10 Nov 2021
As Niagara Emergency Medical Services’ mobile integrated health program specialist for community medicine, Ken Kohut works with patients that are frequent users of emergency medical services. In this video, he explains how point of care testing, including blood analysis, performed in the patients’ own homes provides quantitative results that enable appropriate treatment decisions to be made that will in turn help to decrease unnecessary visits to hospital emergency departments or expedite emergency care where it is required.
My name is Ken Kohut. I am the Mobile Integrated Health Program Specialist for the community paramedicine program within Niagara Emergency Medical Services. The role of our program is to support clients outside of 911 to better support the high users of the 911 system and the regional emergency departments.
This includes client advocacy, in-house assessments and point of care. It's my feeling that point of care offers the ability to combine quantitative results with qualitative observations in real time. This has value in that it's informative to the patient that is well-versed in their health knowledge, and it alleviates fear brought on by the present situation.
Point of care also gives data that medical oversight can understand and act upon, which helps to decrease liability. In the realm of community paramedicine, the majority of patients remain at home, which brings a level of liability with it. In addition to the comprehensive assessment, the caregiver can use the results of point of care to make sound treatment decisions to decrease ER visits and 911 activation, or support the decision to expedite these services.
Point of care lays a solid foundation in the decision to implement appropriate care. The challenges of past practices regarding pre-hospital assessment in the patient's environment involve making clinical observations and critical decisions while not being able to support these observations with quantitative testing.
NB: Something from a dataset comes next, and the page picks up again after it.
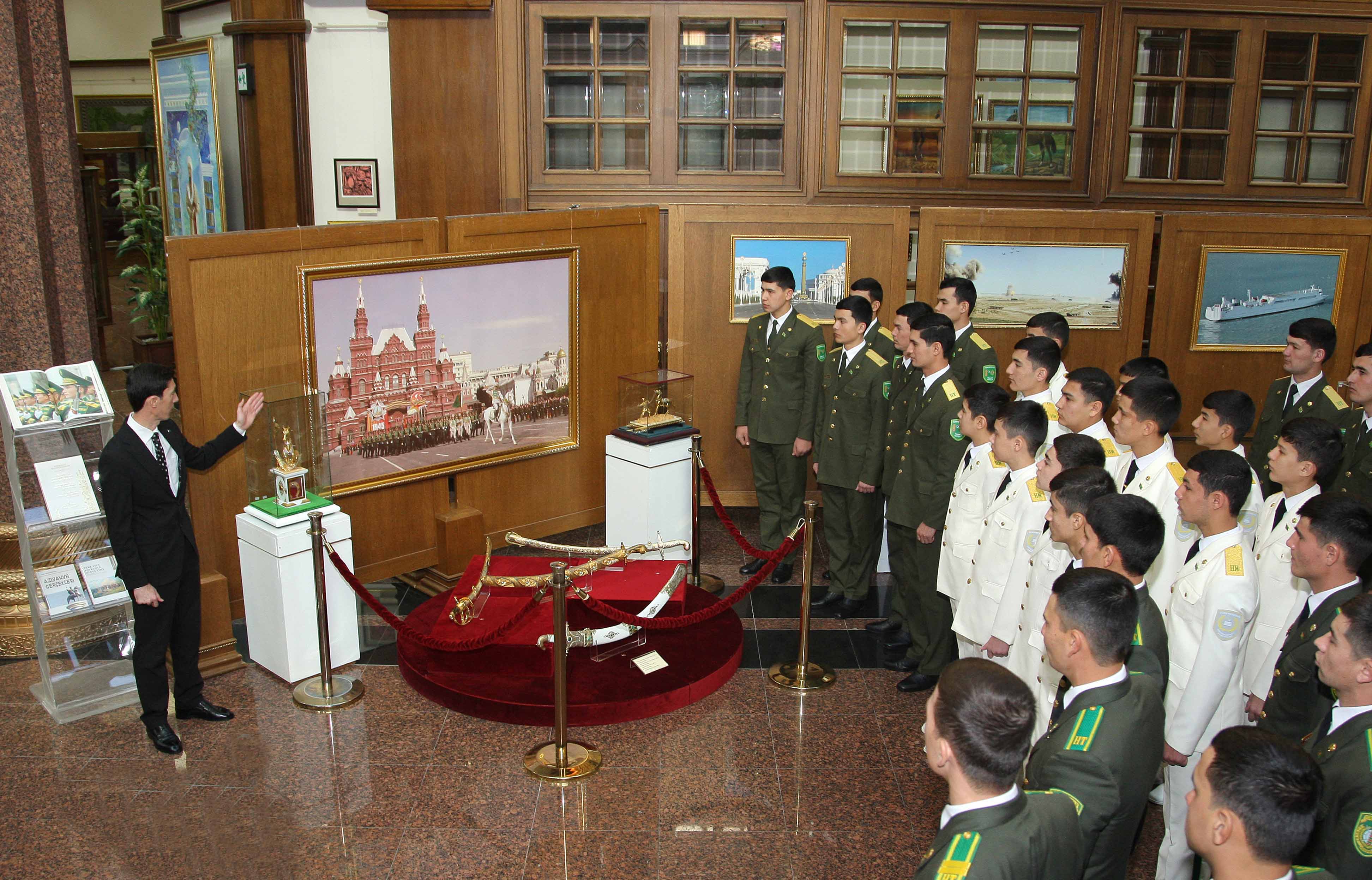 At the State museum of the State cultural centre of Turkmenistan is organized an exhibition «On the guard of the blessed Fatherland», devoted to the day of defenders of Motherland. The exhibition was opened by the director of the State museum of the State cultural centre of Turkmenistan Meretgeldi Charyev, who congratulated with the day of defenders of Motherland and told about the worthy place of Turkmen soldier in the defence of peaceful and successful Motherland. Then the floor was given to the subeditor of «Milli goşun» magazine Ashyrmet Garlyev, serviceman of the State border service of Turkmenistan, senior lieutenant Agamammet Toilyev, specialist in organization of public relations of upbringing department of Saparmyrat Turkmenbashy the Great Military institute of the Ministry of defence of Turkmenistan, major Kerim Myradov, who have told about defence capability of National army, a fighting strength and the reached successes. They have noted fidelity to the military oath and a soldier's duty and about a great honour to be awarded glories as well. Then serviceman of Berdimuhamet Annaev the 1st Specialized military school of the Ministry of defence of Turkmenistan, major Nabat Nurgeldieva has told that one of the important problems is upbringing of military men in respect for a national heritage of the country, love to the Fatherland, protection of peaceful labour and a safe life of the people. Student of the Institute of border service of Turkmenistan Shyhberdi Ataev has told about the wise policy carried out by the honourable President, which provides problem-free life of the present and the next generations, care of the youth and expressed his gratitude to Hero Arkadag and Arkadagly Hero Serdar.

This is improved with the implementation of 12-lead ECG, Sp02, end-tidal CO2, and glucometry, but it hasn't included point of care bloodwork, for example. Point of care helps to determine etiology and it quantifies severity of condition, whether it be electrolyte disturbances, kidney function abnormalities, dehydration, anemia, acidosis, et cetera.
In a routine setting, point of care bloodwork is performed at no expense to the client, which lessens the economic burden, and for the marginalized patient, finances are a large social determinant of health barrier. So, in-house bloodwork can carry a substantial cost for fee for service agencies that attend the home.
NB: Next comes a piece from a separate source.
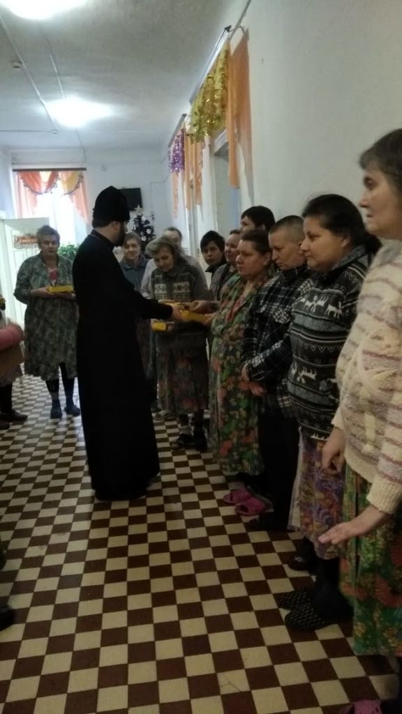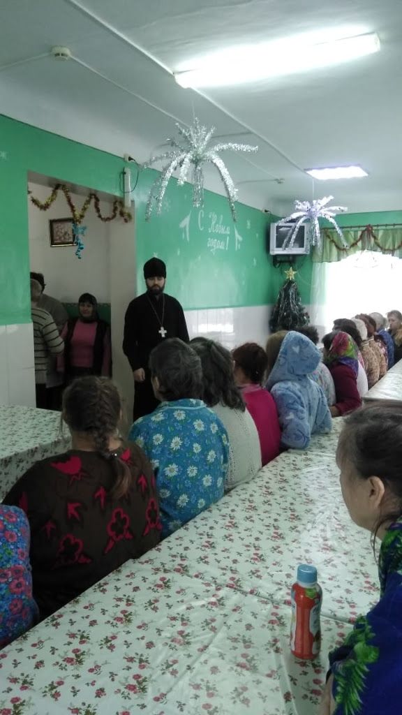Рождественский визит клирика Свято-Пантелеимоновского храма г. Миллерово иерея Георгия Лукащук и работников социальной службы к больным психо-неврологического диспансера х. Малотокмацкий

So, point of care provides financial savings to the patient. Isolation initially necessitated the use of point of care because it provided immediate results at the patient's place of care.
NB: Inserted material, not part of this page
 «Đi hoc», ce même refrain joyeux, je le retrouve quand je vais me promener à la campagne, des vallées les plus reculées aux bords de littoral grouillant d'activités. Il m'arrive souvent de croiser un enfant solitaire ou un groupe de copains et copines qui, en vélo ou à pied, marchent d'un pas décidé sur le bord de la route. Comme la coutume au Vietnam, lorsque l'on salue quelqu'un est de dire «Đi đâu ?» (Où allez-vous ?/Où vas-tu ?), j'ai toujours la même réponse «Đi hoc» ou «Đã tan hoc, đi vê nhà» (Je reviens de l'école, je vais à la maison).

Point of care work produces a basic metabolic panel in 110 seconds, which speeds up the diagnostic process. This is critical in the emergency setting, and the high sensitivity results alleviates unnecessary ER visits, or allows immediate attention and expedites care. I see a large window of opportunity for point of care in the future, and it's my hope that future bedside, or chairside bioassays will evolve and be instrumental in saving lives, or ruling out pathology, which will be cost-effective in the healthcare industry.
Niagara Emergency Medical Services
Ken Kohut is Niagara Emergency Medical Services’ Mobile Integrated Health Program Specialist for community paramedicine. In this role, he supports patients at their homes, outside of 911, to better support frequent users of the 911 system and regional emergency departments.